Not surprisingly given this situation, some especially young people in Dagestan, have rejected the secularism that they believe has incapacitated the state's ability to deal with the current crime and poverty. There has been a growth of support for more radical Islamic ideologies, including for the Wahabi sect. At the start of the decade, less than 2% of the population could be described as fundamentalists, now the figure is nearer 10%.
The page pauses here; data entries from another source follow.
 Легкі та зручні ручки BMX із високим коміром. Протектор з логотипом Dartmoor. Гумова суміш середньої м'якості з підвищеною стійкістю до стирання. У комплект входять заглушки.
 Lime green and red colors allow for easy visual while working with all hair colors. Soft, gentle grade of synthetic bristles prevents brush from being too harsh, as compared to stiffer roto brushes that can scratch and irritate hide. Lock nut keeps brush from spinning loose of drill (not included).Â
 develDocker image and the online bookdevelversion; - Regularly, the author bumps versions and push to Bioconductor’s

Support for the Wahabi sect is concentrated in the regions seized by Basayev's fighters. For that reason, he expected to be welcomed by the local population. Reality proved different. During the Chechen war, the Dagestanis had willingly put up refugee families in their homes. Now they are bitter that, in the name of Islam, fighters were sent to their villages in occupation. Insult was added to injury as locals, who had turned to fundamentalism in reaction to what they saw as the anarchic lawlessness of the new capitalist Dagestan, witnessed the behaviour of Basayev's fighters. One local described it: 'I saw these so-called believers, they don't take their shoes off in the mosque, they don't know how to pray and they drink vodka by the glassful. We don't need these Wahabis!' In reality, Basayev is little more than a bandit using Islam as a cover for his armed adventures.
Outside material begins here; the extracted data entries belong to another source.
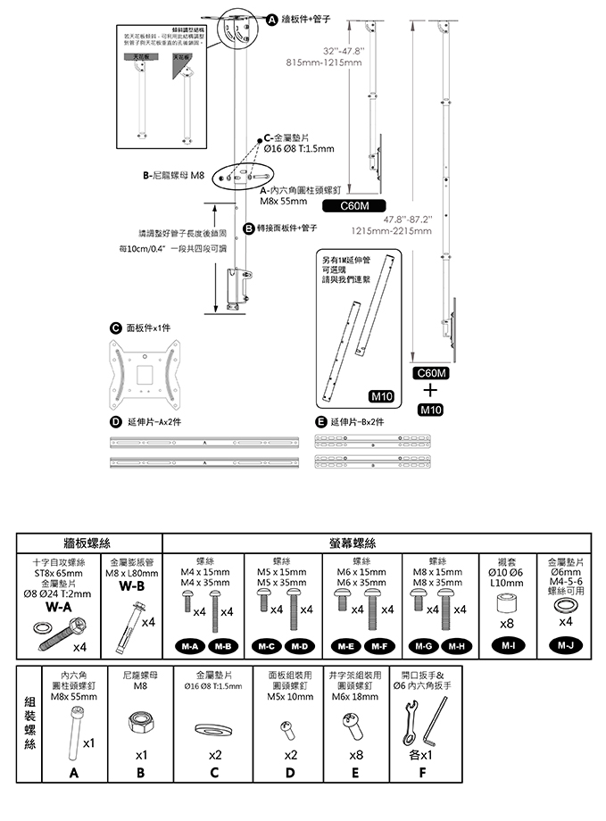 C60M 為吊頂式壁掛支架
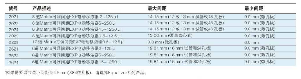 Matrix EXP電動多道可調間距移液器
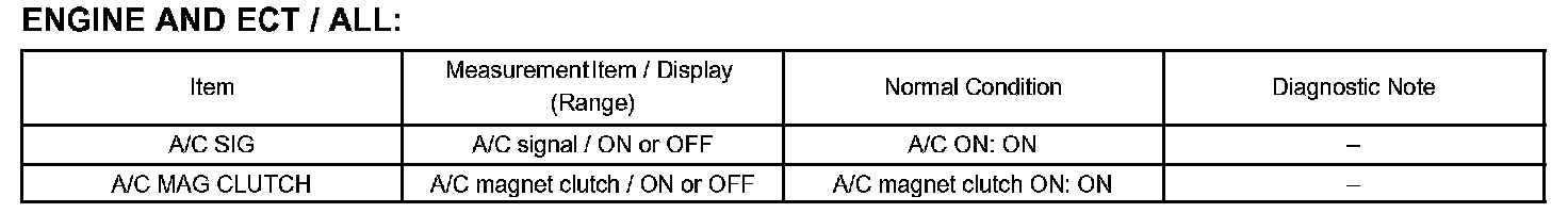 DATA LISTHINT: From the DATA LIST displayed on the hand-held tester, you can read the values of the displays, sensors, actuators and so on without parts removal. Reading the DATA LIST as the first step of troubleshooting is one way to shorten labor time.
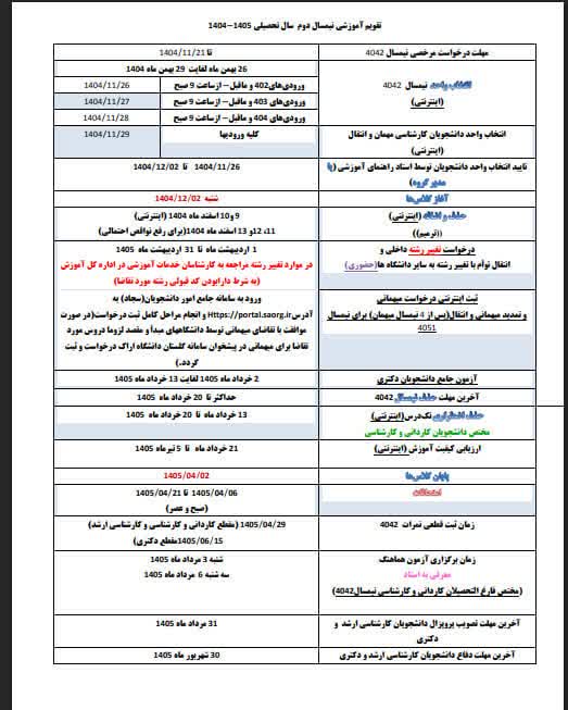 تقويم آموزشي نيمسال دوم سال تحصيلي 1404-1405
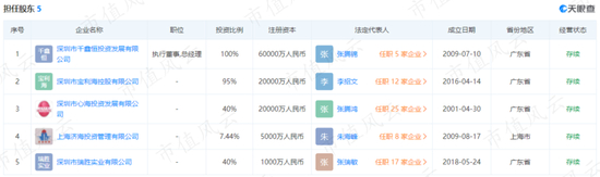 千鑫恒唯一的股东张腾锦,对外还投资了宝利海、心海投资等公司。其中心海投资的大股东是张腾鸿。
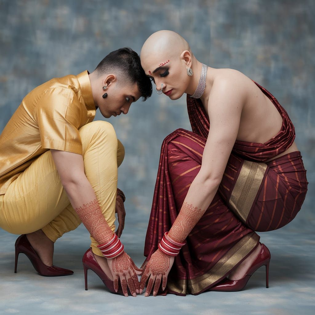 A striking image of a sissy individual in traditional Indian attire, adorned with bold makeup and jewelry, showcasing their submissiveness and humility.
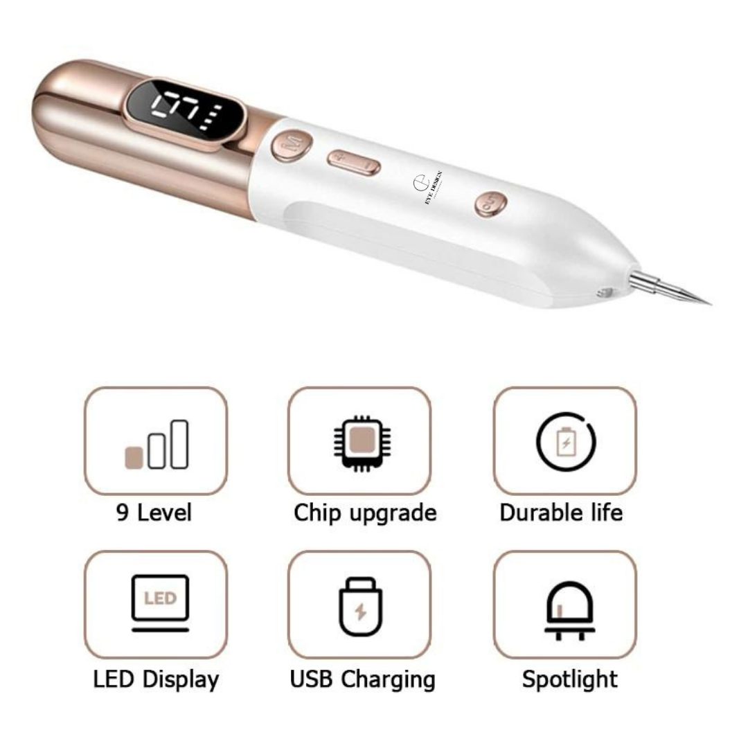 The Laser Plasma Pen is a clinically validated micro-needle device for removing tattoos, freckles, moles, skin tags, and age spots. Its electric ion carbonation technology allows you to remove spots on your skin instantly without damaging other tissues around it. It stimulates cell regeneration, safely eliminating dark spots and skin pigmentation without bleeding.
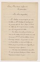 Lettre de Frédéric Le Play à Augustine Fouache, datée : Paris, Place Saint-Sulpice, 6. 24 juin 1874 Lieu d'expédition : Paris
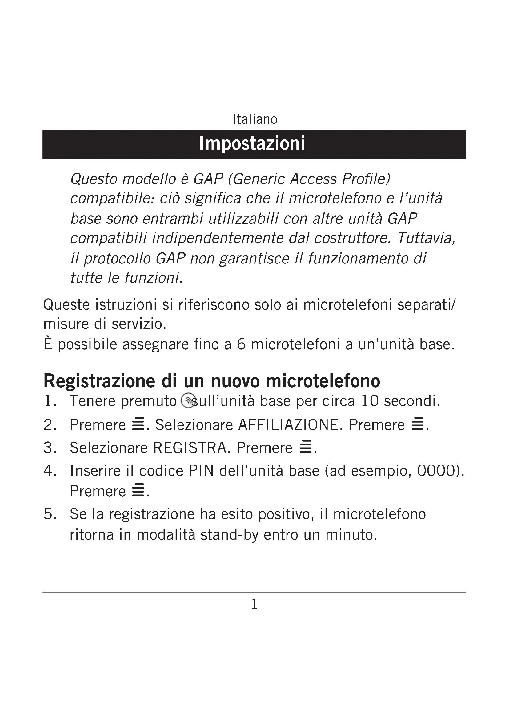 Se la registrazione ha esito positivo, il microtelefono ritorna in modalità stand-by entro un minuto.
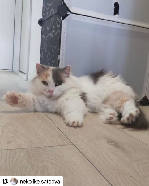 | 特徴(性格など) | 人なれ度MAX!でもビビりで少しの物音でびっくりします。 でもすごく甘えん坊で、ごろごろスリスリ…構ってほしいとついてきます。 さびしがりですので、多頭飼いか一匹にならない環境を希望しています。 |
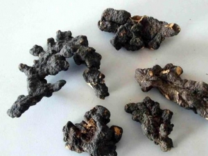 【性状】略呈圆球形或不规则的长圆形,大小不一,直径约0.7~3厘米。黄棕色或深棕色,表面粗糙,凹凸不平,外被一层粉状物。质坚硬,不易砸碎,断面黄白色,有金属光泽,与自然铜相似,有的断面中央呈黄白色,有金属光泽(黄铁矿),边缘呈暗棕色或深黄棕色,最外层则为黄棕色,粉质(褐铁矿)。气微,味淡。
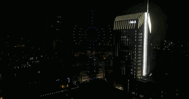 在这场长达8分钟的视觉大片里,无人机用酷炫的科技礼花,将天津广播、天津日报70年的故事娓娓道来,美轮美奂的表演,惊艳了城市夜空。
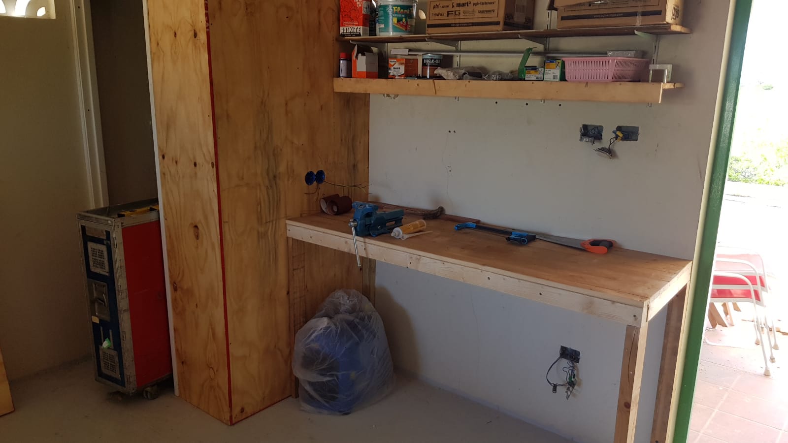 Tussen het verbouwen, schilderen en tuinieren door heb ik ook nog een werkbank en opberghok voor gereedschap (inclusief KLM trolley) getimmerd. De garage is er groot genoeg voor.

Initially, many Dagestanis welcomed the Federal (ie Russian) army in to defend them from Basayev. Questions soon began to be raised, however, about the army's competence. In Moscow, the government was assuring the population that they had learnt the lessons of Chechnya and would only send professional troops. Generals continually stated that the decisive battle had been won. Yet the number of troops, now exceeding 30,000, sent to surround Chechnya can only be increased by using conscripts. Locals report that most Chechen fighters still have freedom of movement. Almost as if to prove their inability to beat back Basayev, the Russians announced they would arm the local population. This proved to mean handing weapons to the different private armies of Dagestan's ruling families.
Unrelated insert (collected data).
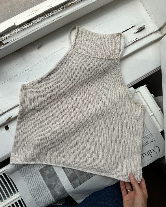 Den hvite Audrey Top er strikket i Line fra Sandnes Garn i fargen Kitt [1015].
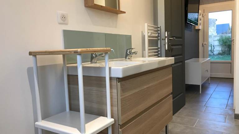 Das Ferienhaus besteht aus 2 Schlafzimmern, einem Wohnzimmer, einer voll ausgestatteten Küche mit Kühlschrank und Kaffeemaschine sowie 1 Badezimmer mit Badewanne und Haartrockner. Handtücher und Bettwäsche werden ebenfalls bereitgestellt.
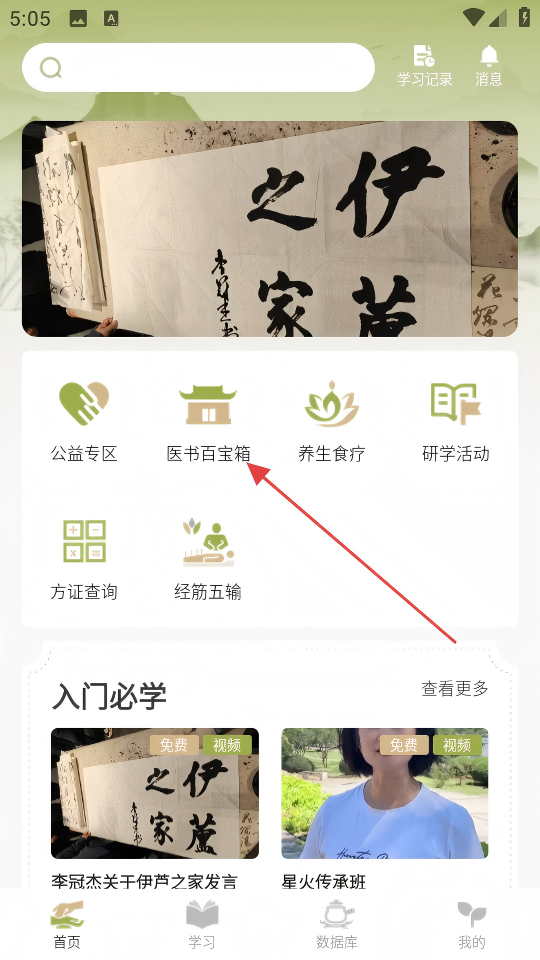 1、在APP首页,点击【医书百宝箱】,进入医书百宝箱页面。

The brutal approach of the Russian army also alienated many locals. If the local population saw the first intervention of Basayev as aggression, many saw his second as an attempt to defend his followers. Meanwhile, the Russian army use Blitzkreig tactics, with aerial bombing of villages that are thought to hold Chechen fighters.

Already people are beginning to suspect that Russia's ruling elite is using them once again as pawns in their own power struggle. The mayor of one of the regions seized by Basayev, for example, commented: 'I believe that the fighters were intentionally allowed to escape. Someone in Moscow obviously wants them to attack again'.

The situation is beginning to resemble that which led to the start of the Chechen war. Russia's ruling elite, with a former KGB chief as premier and the president so ill that he cannot even attend Raisa Gorbachev's funeral, are beginning to panic in the lead-up to elections. The atmosphere in the Caucasus is becoming very tense. Now Russian aircraft have started to bomb Grozny for the first time since the end of the war. Further provocations by the Russian army or secret services, or further incursions by Basayev, could mean an escalation into the second Caucasian war since 1991.